Against most preconceived notions of the Scientific Revolution, modern science emerged under the influence of various intellectual and societal factors. As Shapin describes, the contributions of religion,  philosophy, and naturalism were additional factors affecting the development of scientific inquiry. Legacies of the Scientific Revolution are still apparent today in the form of internationally recognized scientific organizations and standards. Despite the importance of the Scientific Revolution, not every person will dig deeper into its complex history. Most people blindly accept and take for granted the science and technologies they depend on everyday.

Shapin, Steve. The Scientific Revolution. Chicago: The University of Chicago Press, 1996.

Deeply Understanding Scientific Paradigms

In 1962,  Thomas Kuhn publishes his book The Structure of Scientific Revolutions where he discusses the history of science. He introduces the concept of paradigms in science as 

“practices that define a scientific discipline at certain point in time” (14).1

In other words, paradigms are commonly accepted views or theories about a discipline and the conventions that dictate its research. There are paradigms in all disciplines, like physics with Newton’s Theory of Motion and Mechanics or biology with Darwin’s Theory of Evolution by Natural Selection. In order to learn what science or technology is, it is becoming increasingly vital to experiment in order to deeply understand how certain paradigms come into existence.

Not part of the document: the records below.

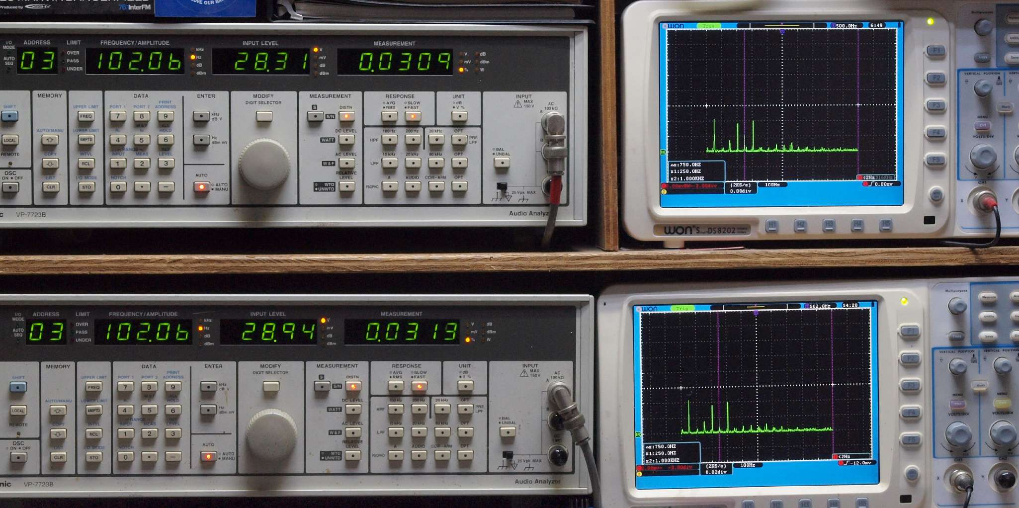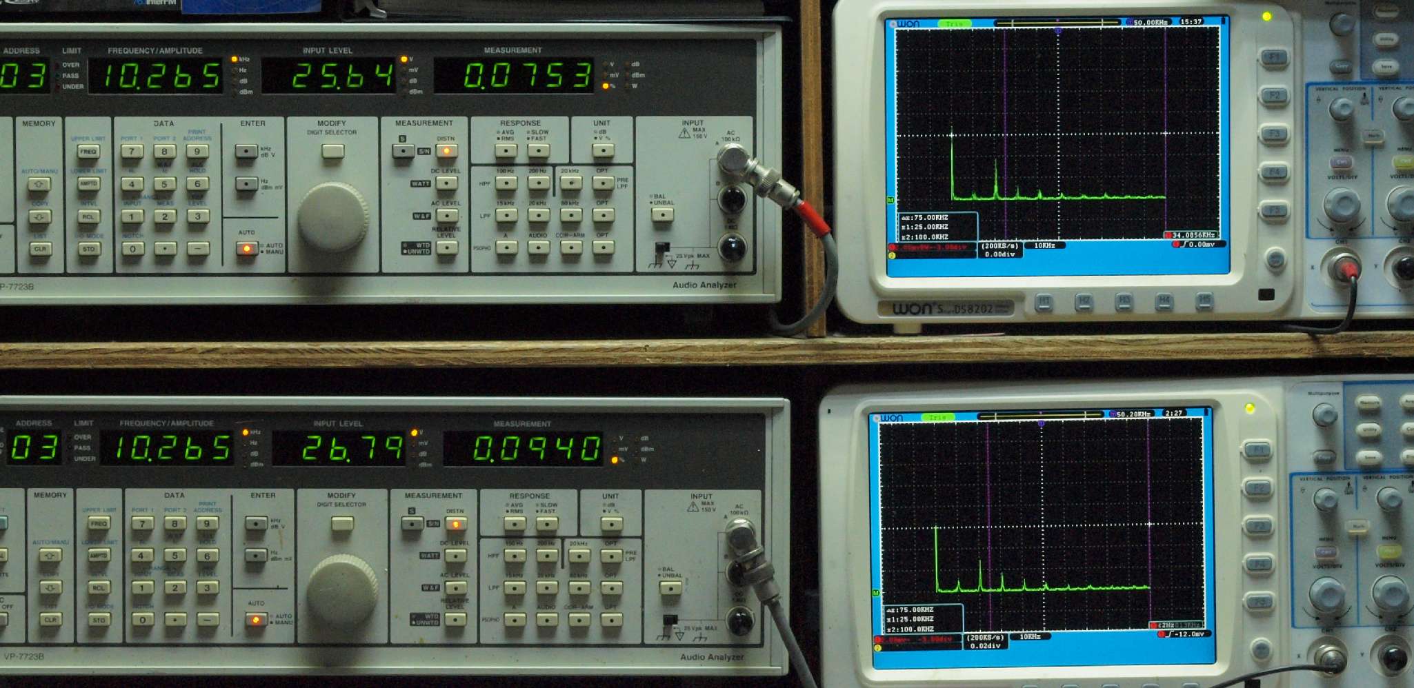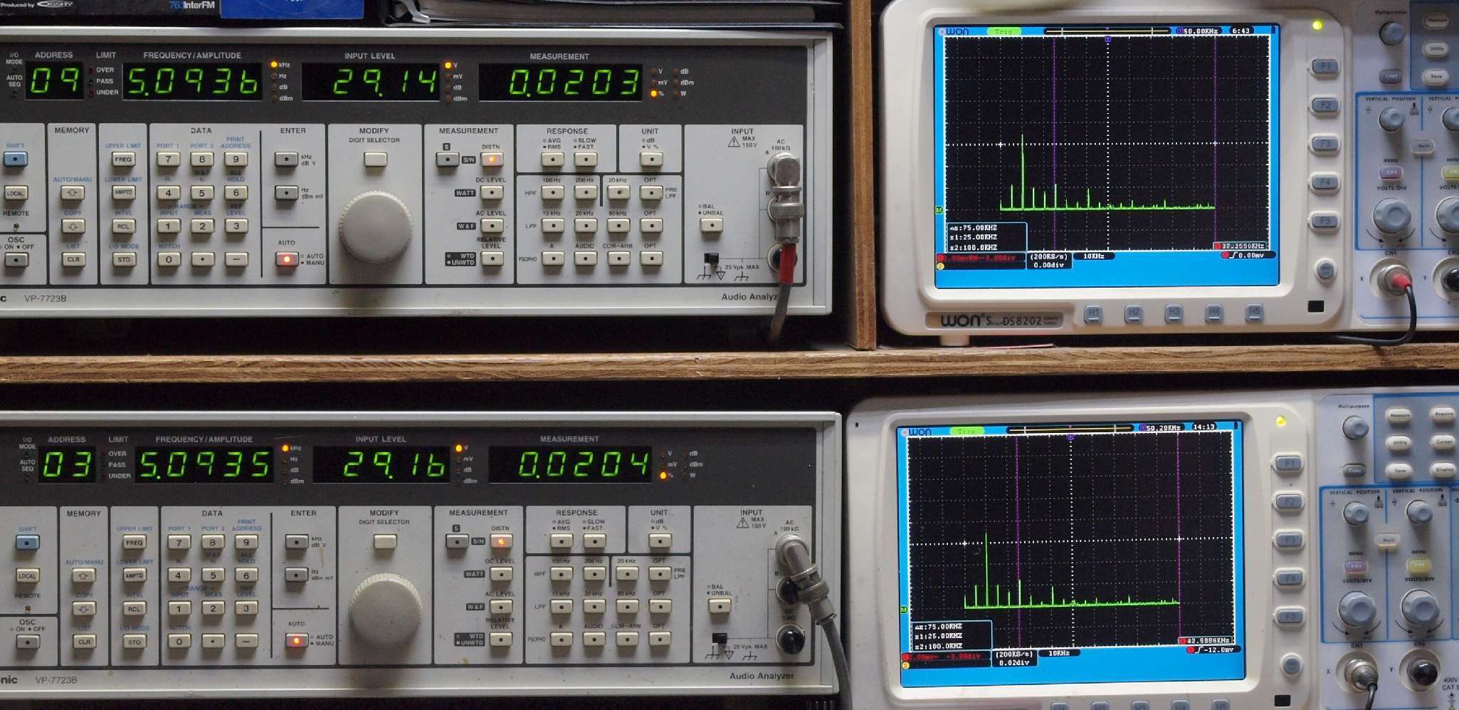 よって、ダイアル設定出力レベルより低くなります。測定機器の仕様や整備の様子はこちら、「VP−7723B」「VP−7201A」。 FFT画面の見方はこちら。
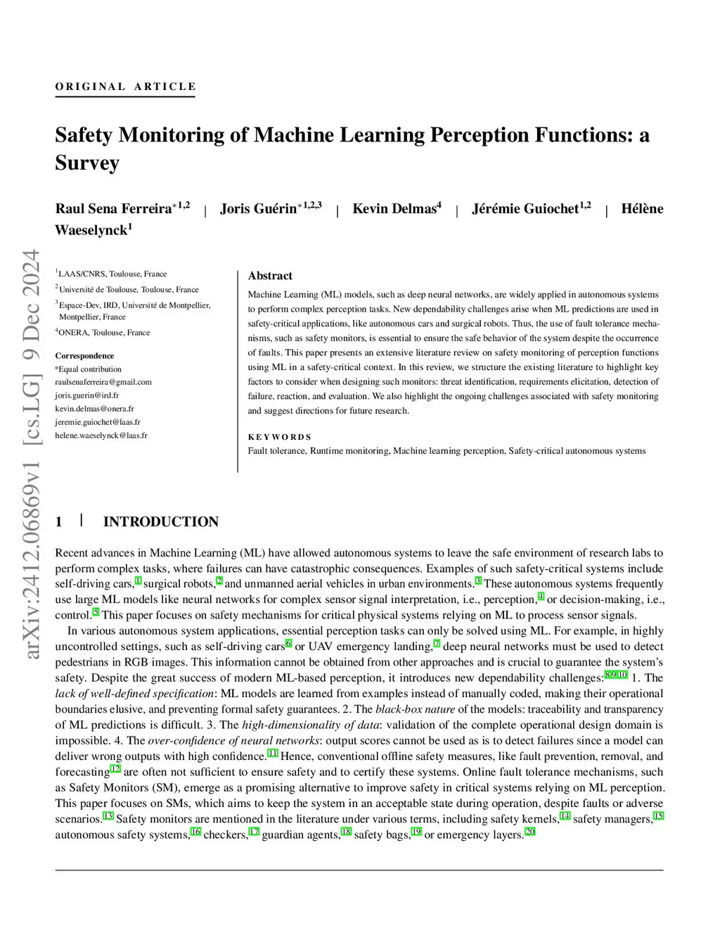 Safety Monitoring of Machine Learning Perception Functions: a Survey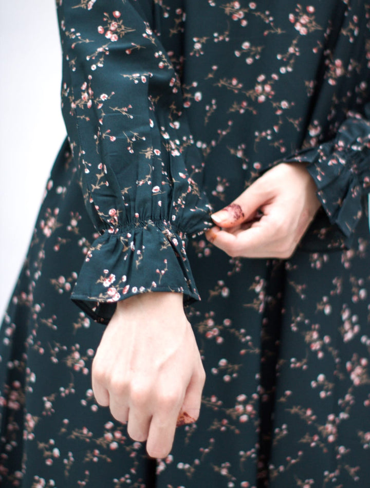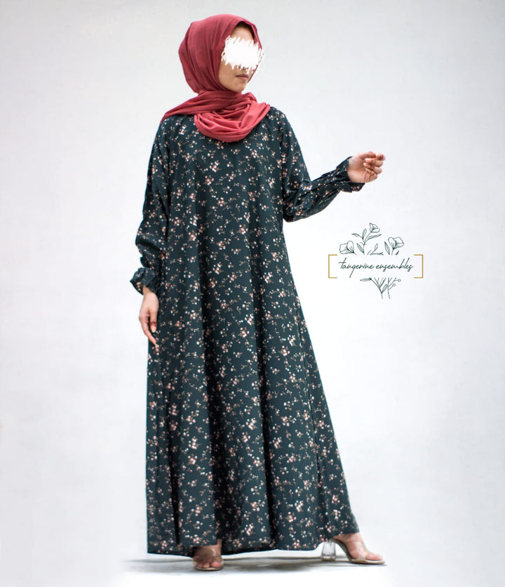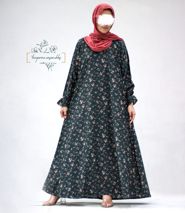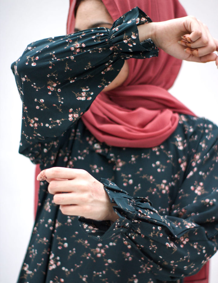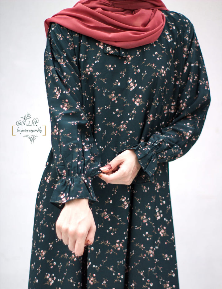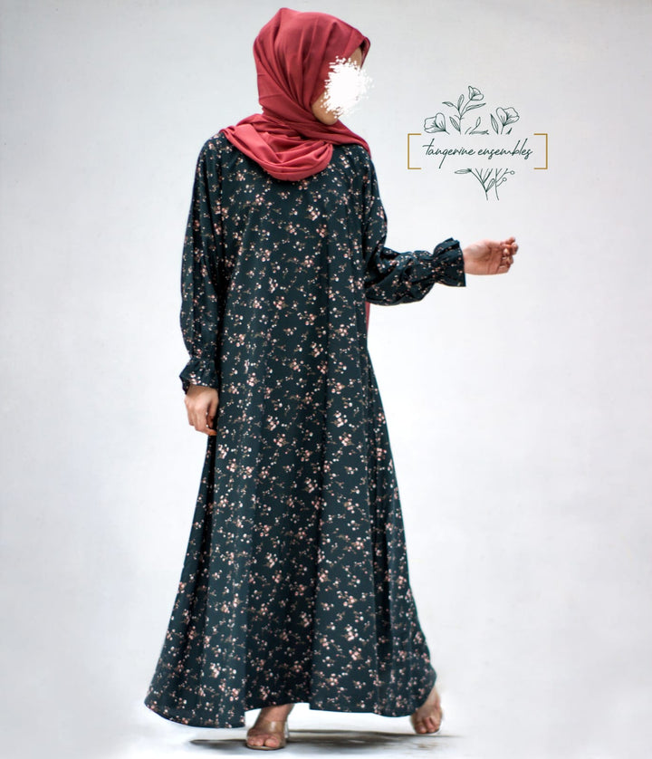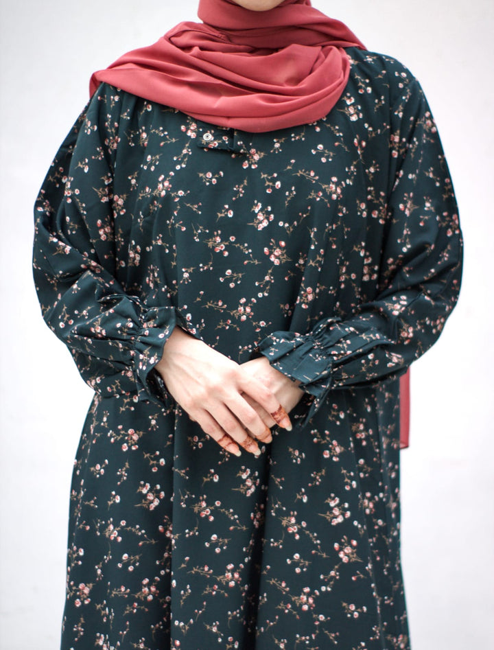 This minimal yet charming floral maxi in a gorgeous green tone is designed for comfort and style. Featuring smocking sleeves for a feminine touch, and stitched from airy, breathable fabric, it's your go-to for warm days. Styled with a coral hijab to enhance the overall look with contrast.

It is also possible that disciplines experience paradigm shifts, which Kuhn considers to be the basis of the scientific revolution. Across time and disciplines, there have been fundamental changes in the underlying assumptions or research approaches. When David Nye, the author of Technology Matters: Questions to Live With explains tools in human history,  it is similar to the concept of a paradigm shift:

“[tools] are part of systems of mean-ing, and they express larger sequences of actions and ideas. Ultimately, the meaning of a tool is inseparable from the stories that surround it” (2-3). 2 

The “stories” and “larger sequence of actions and ideas” alludes to the evolution of meaning and usage of tools over time. Initially, tools were for capturing and domesticating animals, creating fires, and building shelters, but evolved to also become a means of murder and warfare. The history of tools can be thought of as a primitive example of a paradigm shift because there was a shift in how tools were used, from basic survive to warfare. 

In order to deeply understand the paradigms of science and technology, experimentation is key. Experimenting, however, takes various forms depending on the discipline. In physics, for example, it can involve highly specialized scientific instruments in order to derive Earth’s gravitational acceleration. In computer science, it can involve learning Swift, a computer programming language to develop a social networking mobile application. In these experiments, the experimenter does not take paradigms of science at face value, but rather more deeply understand how those concepts or technologies came to be. Gravitational acceleration is not simply 9.8m/s, its value fits within the framework of a universally applicable law known as Newton’s Law of Universal Gravitation. Any mobile application does not work via magic, there are complex layers of programming languages and unique software architectures that create an working mobile application. In other words, in order to learn about science and technology, there needs to be deep inquiry on the accepted paradigms of science, not just blind acceptance.

Sources:
1 Lijing Jiang, “Understanding S, T & S” (presentation, ST112 Course, Waterville, ME, September 10, 2018).
2 David Nye, Technology Matters: Questions to Live With (The MIT Press, 2007), 1–16.